Given data:
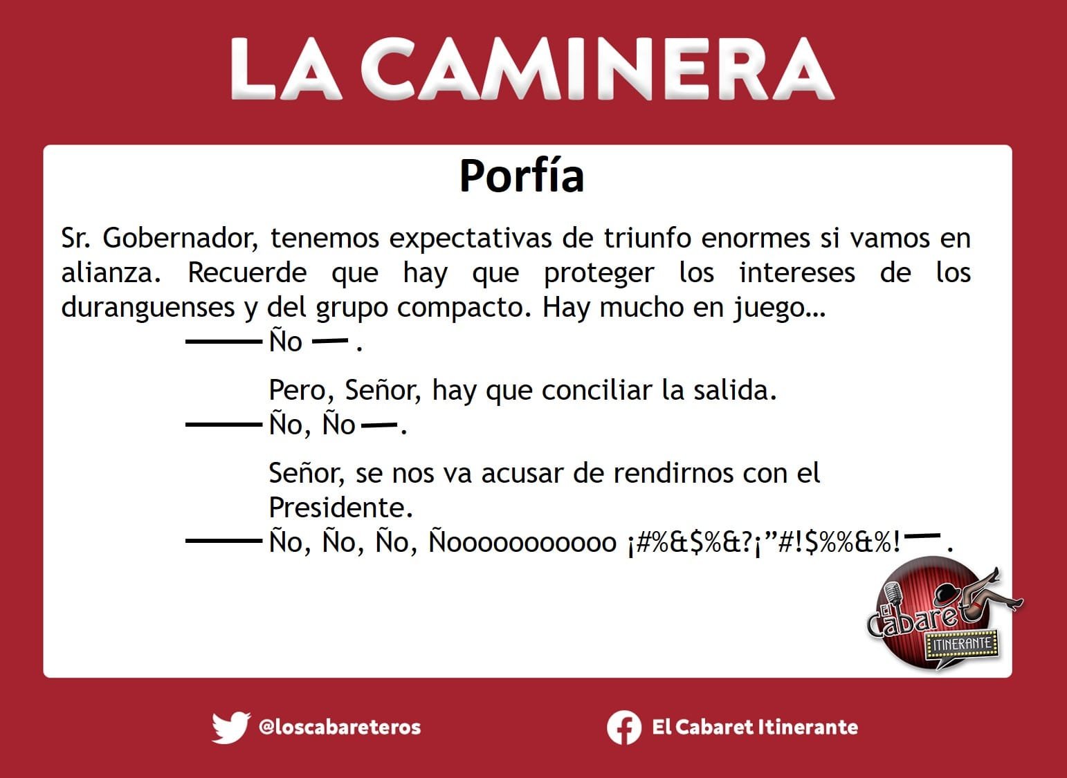 Porfía Leonardo Álvarez 13 marzo, 2022 Sr. Gobernador, tenemos expectativas de triunfo enormes si vamos en alianza. Recuerde que hay que proteger los intereses de los duranguenses y del grupo compacto.
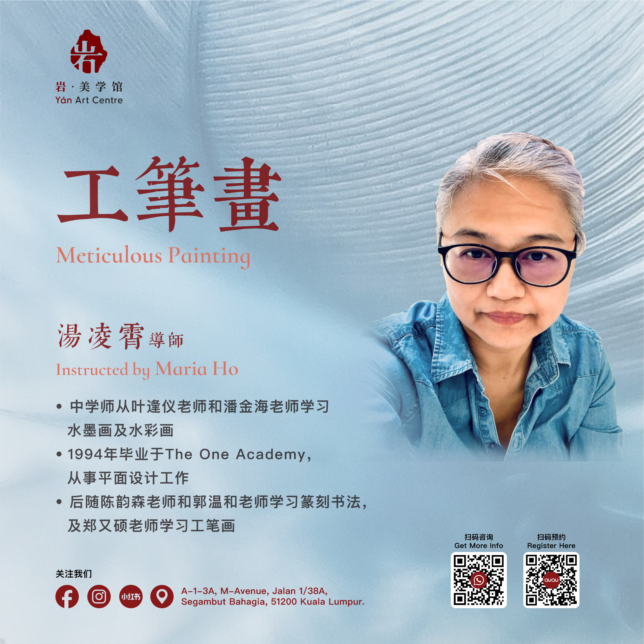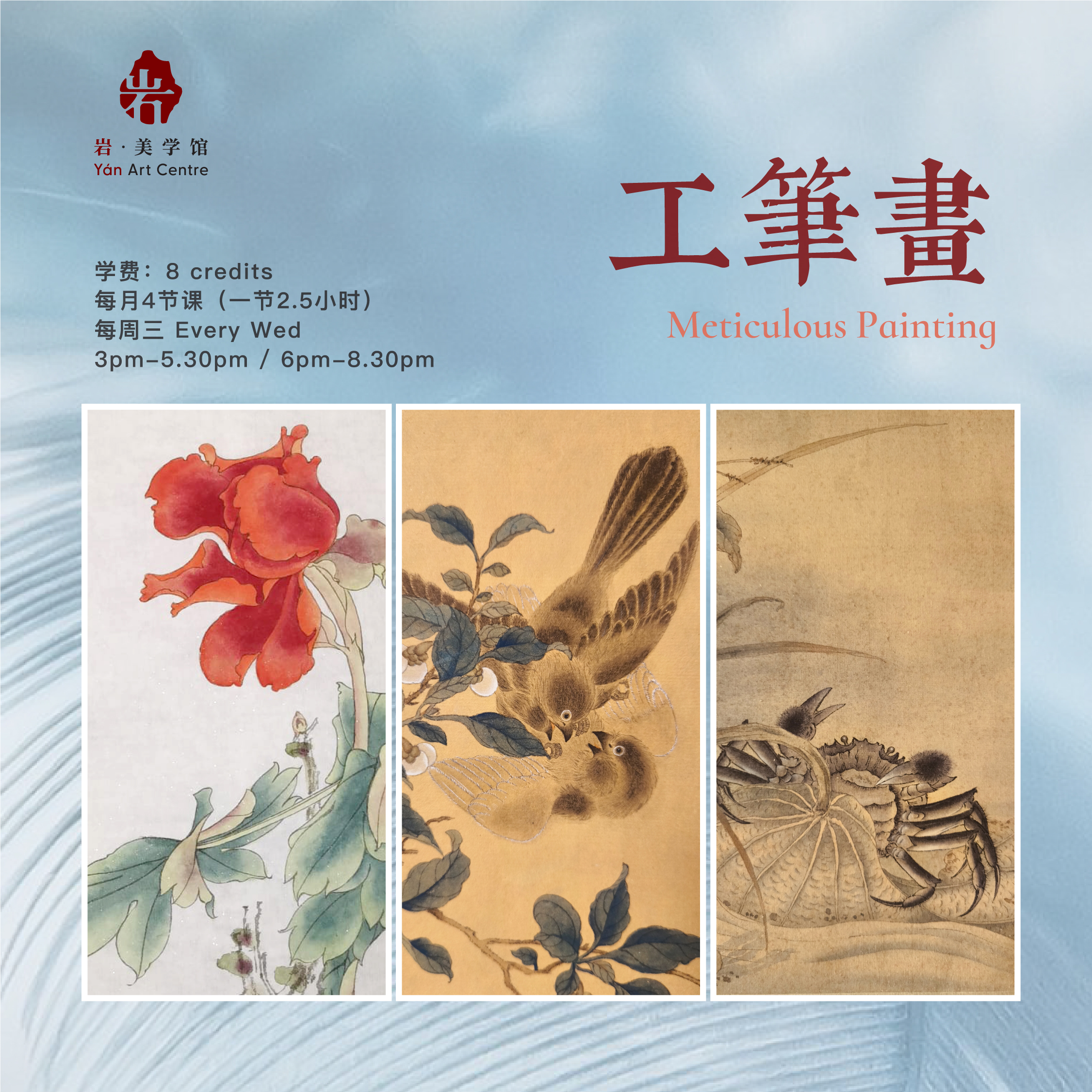 工笔画是中国画其中一项入门的绘画科目,讲究细节描绘,技法工整细致。初级课程学习包括媒介和画材介绍,临摹名家画作熟悉传统工笔画技巧;及自然观察与作品赏析。
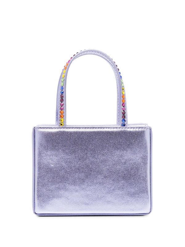 واخيرا نختتم بحقيبة الموسم Amina Muaddi التي نتوقع ان تلقى رواجا واسعا وكبيرا جدا هذا الموسم. لم تنجع المصممة أمينة معادي في تصميم الاحذية الاكثر طلبًا فحسب، بل هي الان تكتسح الساحة بشكل قوي من خلال تشكيلة حقائب واكسسوارات مزدانة بالفصوص البراقة. اخترنا لك حقيبة ميتاليك بلون لافندر مميز تتميز بتصميم هندسي وتفاصيل احجار براقة على سير الحقيبة
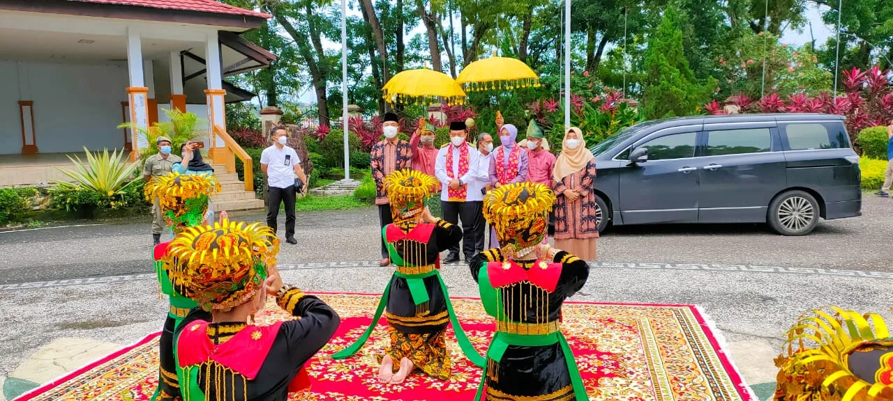 Penyambutan H Al Haris ‘pulang kampung’ itu, dimeriahkan dengan Tarian Sekapur Sirih.
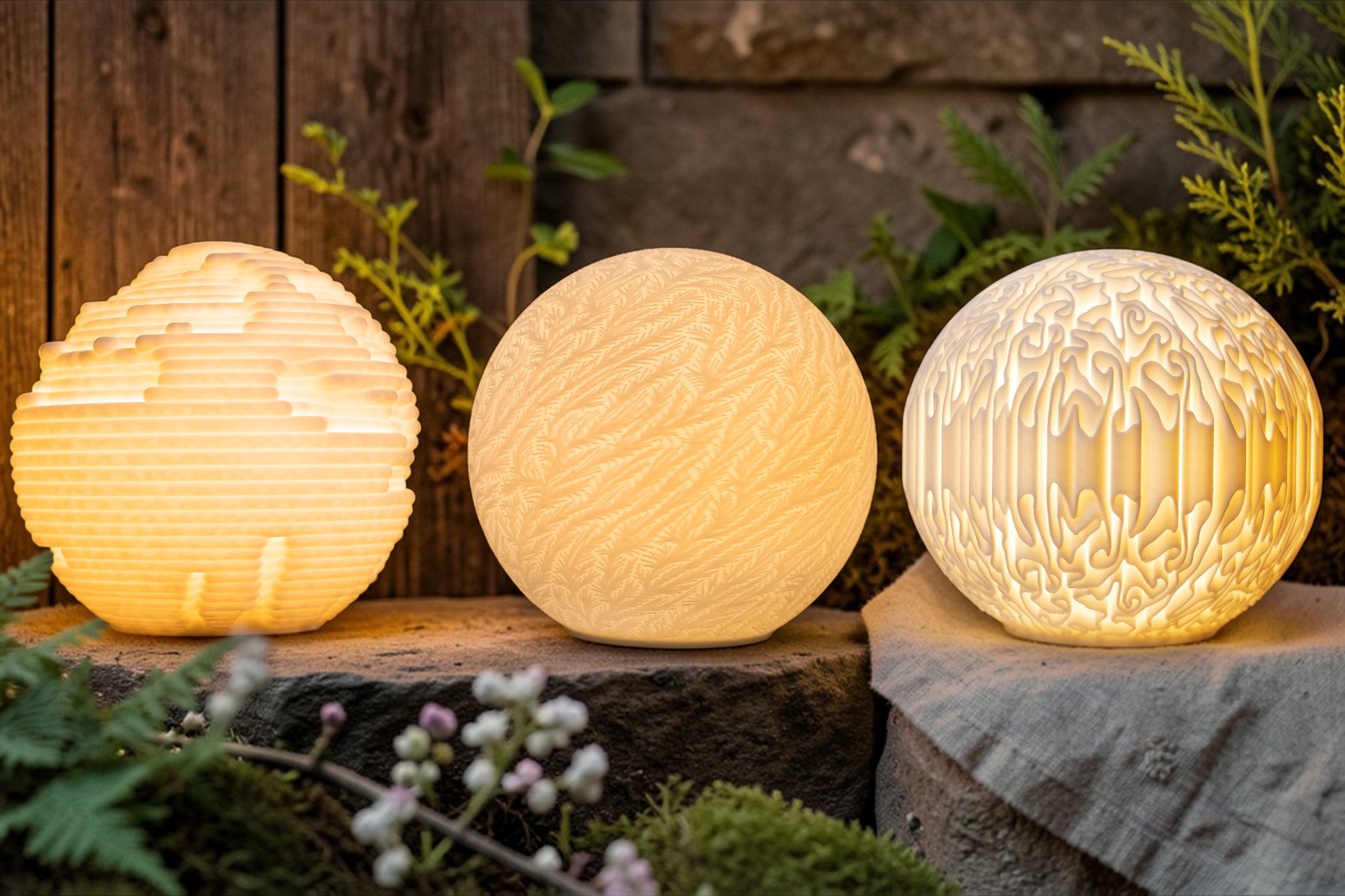 Each piece captures a moment in nature’s process, brought to life through light. Layer by layer, each lamp is 3D printed to create depth, texture, and a gentle diffusion of light that transforms any space into something calm and intentional.

Directions:
Everything from the first line of the records through the line containing "واخيرا نختتم بحقيبة" should be repeated exactly, with the pictures left out.

Exercise solution:
 Porfía Leonardo Álvarez 13 marzo, 2022 Sr. Gobernador, tenemos expectativas de triunfo enormes si vamos en alianza. Recuerde que hay que proteger los intereses de los duranguenses y del grupo compacto.
 工笔画是中国画其中一项入门的绘画科目,讲究细节描绘,技法工整细致。初级课程学习包括媒介和画材介绍,临摹名家画作熟悉传统工笔画技巧;及自然观察与作品赏析。
 واخيرا نختتم بحقيبة الموسم Amina Muaddi التي نتوقع ان تلقى رواجا واسعا وكبيرا جدا هذا الموسم. لم تنجع المصممة أمينة معادي في تصميم الاحذية الاكثر طلبًا فحسب، بل هي الان تكتسح الساحة بشكل قوي من خلال تشكيلة حقائب واكسسوارات مزدانة بالفصوص البراقة. اخترنا لك حقيبة ميتاليك بلون لافندر مميز تتميز بتصميم هندسي وتفاصيل احجار براقة على سير الحقيبة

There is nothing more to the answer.